Every recession is different. During the Great Recession unemployment skyrocketed and housing was a huge “house of cards” built on years of subprime loans, pick-a-payment plans, teaser rate adjustable mortgages, and fraudulent lending practices. It was not a shock that housing values sank. This “recession” will be entirely different. Thus far in 2022, the Orange County housing market has slowed from an Expected Market Time (the time between hammering in the FOR-SALE sign to opening escrow) of 19 days in early March to 65 days today, yet the slowing has stopped. In fact, the market time has dropped by 7 days since climbing to 72 days a month ago. To understand why housing has shifted but is not on the verge of collapse, look no further than to good old-fashioned supply and demand.
On the demand side of the equation (a snapshot of the number of new escrows over the prior
month), buyer activity has been muted all year. A premature peak was reached at the end of
March with 2,286 pending sales, down 28% from last year’s peak of 3,162 pendings. Compared to the 3-year average peak prior to COVID (2017 to 2019) of 2,816, this year was 19% less. Today, demand sits at 1,849, slightly higher than where it stood a month ago at 1,693. Even with the recent rise, today’s reading is the lowest level for this time of year since 2007, the start of the Great Recession.
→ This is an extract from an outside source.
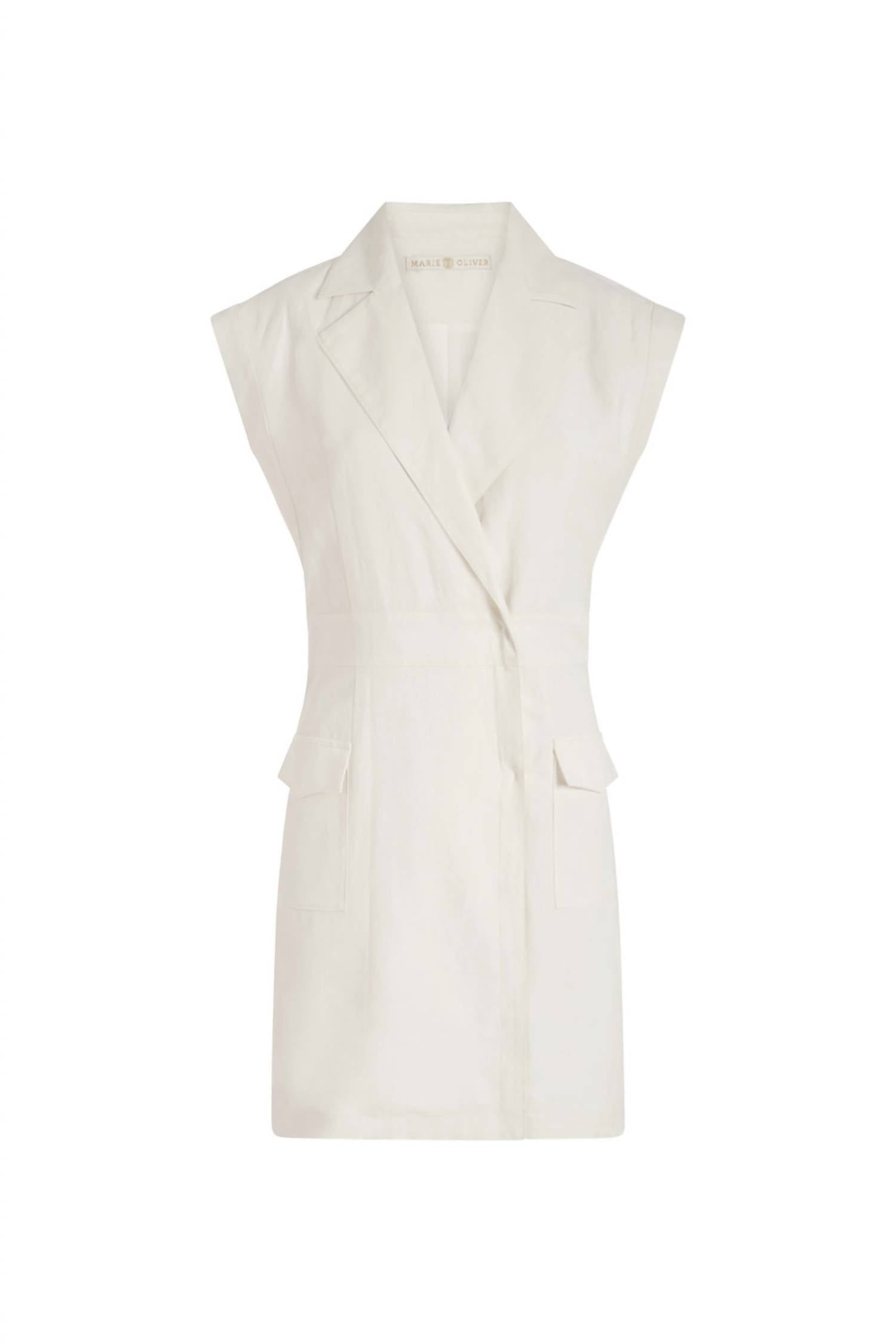 A sophisticated sleeveless mini dress crafted from a luxurious blend of 29% silk, 29% cotton, and 42% linen, this structured piece exudes a polished military-inspired look with sharp lapels and convenient pocket detailing. The dress features a double-breasted style with a concealed button and snap closure, offering a tailored yet feminine silhouette. Care is a breeze with machine wash on a gentle cycle and laying flat to dry.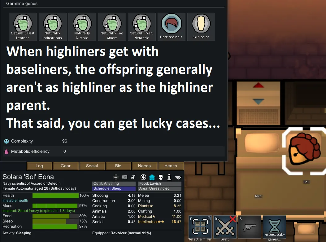Germline highliner populations are usually the products of eugenics programs intended to make highly productive workers, though natural selection sometimes has a hand on worlds where being skilled and productive are necessary to survival, but mental stability less so.

The current demand level is typically reserved for the slowest time of the year for real estate, January, with a 3-year average pending sales(2017 to 2019) of 1,551 pending sales, and December, 3-year average of 1,637. The August 3-year average is 2,506 pending sales, 36% higher than today.
Today’s demand levels are significantly muted due to mortgage rates rising from 3.25% at the start of the year to 5.72% where they stand today, according to Mortgage News Daily. The buyer pool has been impacted and reduced by the massive drop in affordability that accompanies such a steep rise in rates.